WORK REQUIRED » Copy each line below as it stands, but skip any picture it contains.

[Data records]
━━━━━━━━
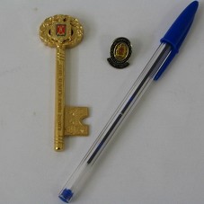 CHAVE DA CIDADE DE QUITO (9 CM) EM METAL DOURADO. POSSUI O DESENHO DO BRASÃO DA CIDADE E A INSCRIÇÃO 'ILUSTRE MUNICIPALIDADE DE QUITO'. UM BÓTON (2X1,5 CM), COM DESENHO DO BRASÃO DA CIDADE E A INSCRIÇÃO 'DISTRITO METROPOLITANO DE QUITO / ALCALDIA / VISITANTE ILUSTRE'. ACONDICIONADOS EM ESTOJO DE VELUDO AZUL (6,5X12,5X3 CM).
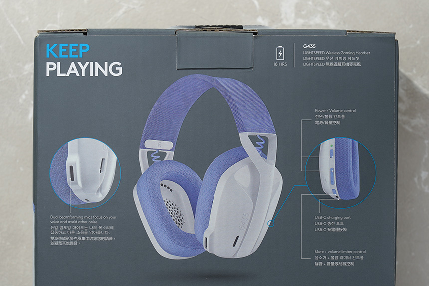 박스의 뒷면에는 로지텍 G435 게이밍 헤드셋의 구조가 설명되어 있습니다. 우선 주목해 보아야 할 부분은 한 번의 충전으로 최대 18시간 정도를 사용할 수 있다는 점입니다. 일상용으로 사용하기에 부족하지 않을 것 같습니다.
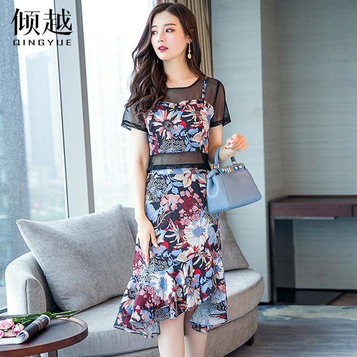 / 套裝裙女2017夏季新款短袖網紗拼接碎花雪紡包臀魚尾半身裙兩件套
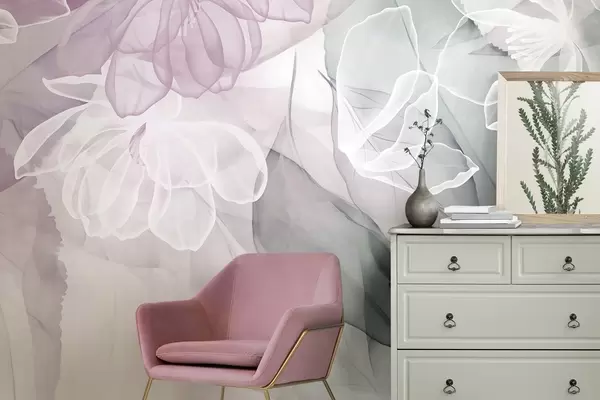 Fotobehang Bloemen en bladeren met transparante bloemblaadjes in tinten wit, roze en groen, zacht en delicaat N° w09158v1
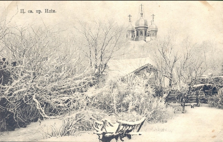 Симбирск в снегу. Вид на Ильинскую церковь, располагавшуюся между гостиницей Венец и Ленинским Мемориалом. Начало 20 века:
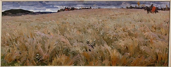 Полотно выполнено в батальном жанре и представляет собой панорамное изображение степи, покрытой ковылём с отдельными кустиками ромашек. На горизонте слева видны тёмные холмы, а в центре и справа — наступающие войска, состоящие из древних воинов на конях, вооружённых копьями и щитами. Позади войска изображено тёмно-синее небо в тучах. Ковыльная степь написана в зеленовато-розовато-сиреневых оттенках, а войско, небо и холмы — в чёрных и тёмно-синих тонах, что подчёркивает драматизм сцены и особенности цветовой гаммы произведения.
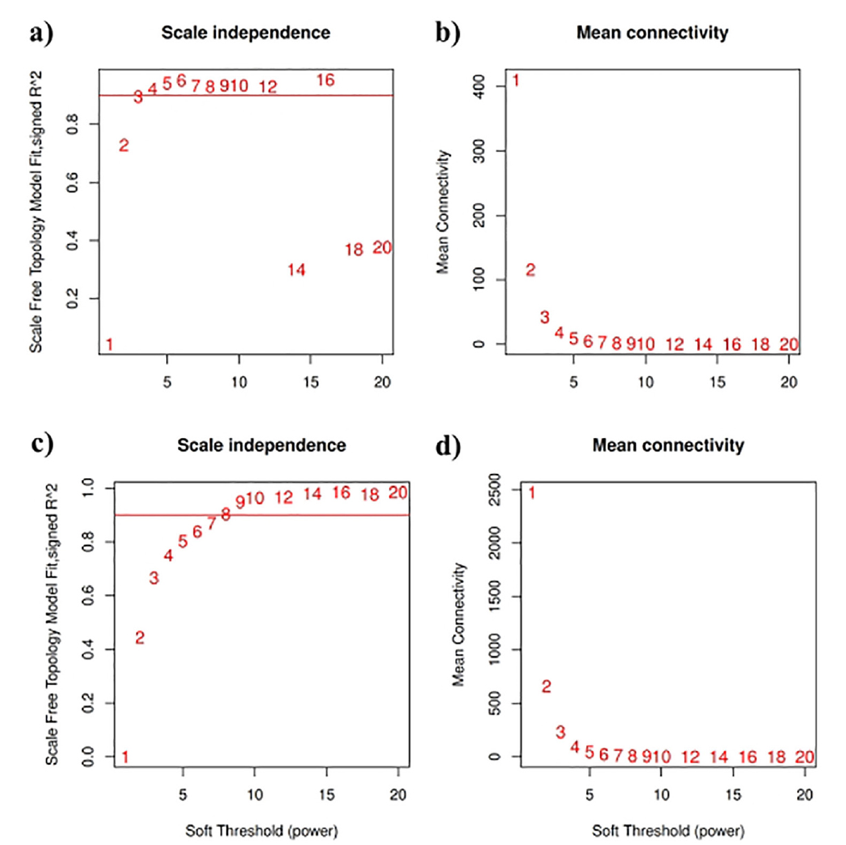 Figure 4. The figure shows the selection of soft-thresholding power (β) for microarray (a, b) and RNA-Seq datasets (c, d). The selected β ensures an R2≥0.85 for the scale-free topology (a, c) while maintaining a reduced mean connectivity (b, d), which optimizes the network design.
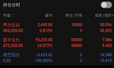 养元饮品:早评文章讲过:“形态上,三板成妖,强者恒强,今日重点观察大于5.5%的高开冲高回撤再创新高或高开回撤创新高模型,不满足不加入。”今天分时,大于5.5%的高开,回撤后,快速创新高,满足预期,按计划上。
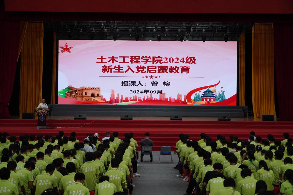 为进一步做好学院2024级本科新生入学后早启蒙、早教育、早衔接、早培养工作,增进广大新生对中国共产党的了解和认识,引导青年学生积极向党组织靠拢,树立共产主义远大理想,9月30日下午,在雁山校区新体育馆,学院党委书记曾榕为2024级本科新生讲授入党启蒙教育专题党课。学院党委委员、部分辅导员、新生班主任以及全体2024级新生共同聆听了党课。
━━━━━━━━
YOUR RESPONSE »
 CHAVE DA CIDADE DE QUITO (9 CM) EM METAL DOURADO. POSSUI O DESENHO DO BRASÃO DA CIDADE E A INSCRIÇÃO 'ILUSTRE MUNICIPALIDADE DE QUITO'. UM BÓTON (2X1,5 CM), COM DESENHO DO BRASÃO DA CIDADE E A INSCRIÇÃO 'DISTRITO METROPOLITANO DE QUITO / ALCALDIA / VISITANTE ILUSTRE'. ACONDICIONADOS EM ESTOJO DE VELUDO AZUL (6,5X12,5X3 CM).
 박스의 뒷면에는 로지텍 G435 게이밍 헤드셋의 구조가 설명되어 있습니다. 우선 주목해 보아야 할 부분은 한 번의 충전으로 최대 18시간 정도를 사용할 수 있다는 점입니다. 일상용으로 사용하기에 부족하지 않을 것 같습니다.
 / 套裝裙女2017夏季新款短袖網紗拼接碎花雪紡包臀魚尾半身裙兩件套
 Fotobehang Bloemen en bladeren met transparante bloemblaadjes in tinten wit, roze en groen, zacht en delicaat N° w09158v1
 Симбирск в снегу. Вид на Ильинскую церковь, располагавшуюся между гостиницей Венец и Ленинским Мемориалом. Начало 20 века:
 Полотно выполнено в батальном жанре и представляет собой панорамное изображение степи, покрытой ковылём с отдельными кустиками ромашек. На горизонте слева видны тёмные холмы, а в центре и справа — наступающие войска, состоящие из древних воинов на конях, вооружённых копьями и щитами. Позади войска изображено тёмно-синее небо в тучах. Ковыльная степь написана в зеленовато-розовато-сиреневых оттенках, а войско, небо и холмы — в чёрных и тёмно-синих тонах, что подчёркивает драматизм сцены и особенности цветовой гаммы произведения.
 Figure 4. The figure shows the selection of soft-thresholding power (β) for microarray (a, b) and RNA-Seq datasets (c, d). The selected β ensures an R2≥0.85 for the scale-free topology (a, c) while maintaining a reduced mean connectivity (b, d), which optimizes the network design.
 养元饮品:早评文章讲过:“形态上,三板成妖,强者恒强,今日重点观察大于5.5%的高开冲高回撤再创新高或高开回撤创新高模型,不满足不加入。”今天分时,大于5.5%的高开,回撤后,快速创新高,满足预期,按计划上。
 为进一步做好学院2024级本科新生入学后早启蒙、早教育、早衔接、早培养工作,增进广大新生对中国共产党的了解和认识,引导青年学生积极向党组织靠拢,树立共产主义远大理想,9月30日下午,在雁山校区新体育馆,学院党委书记曾榕为2024级本科新生讲授入党启蒙教育专题党课。学院党委委员、部分辅导员、新生班主任以及全体2024级新生共同聆听了党课。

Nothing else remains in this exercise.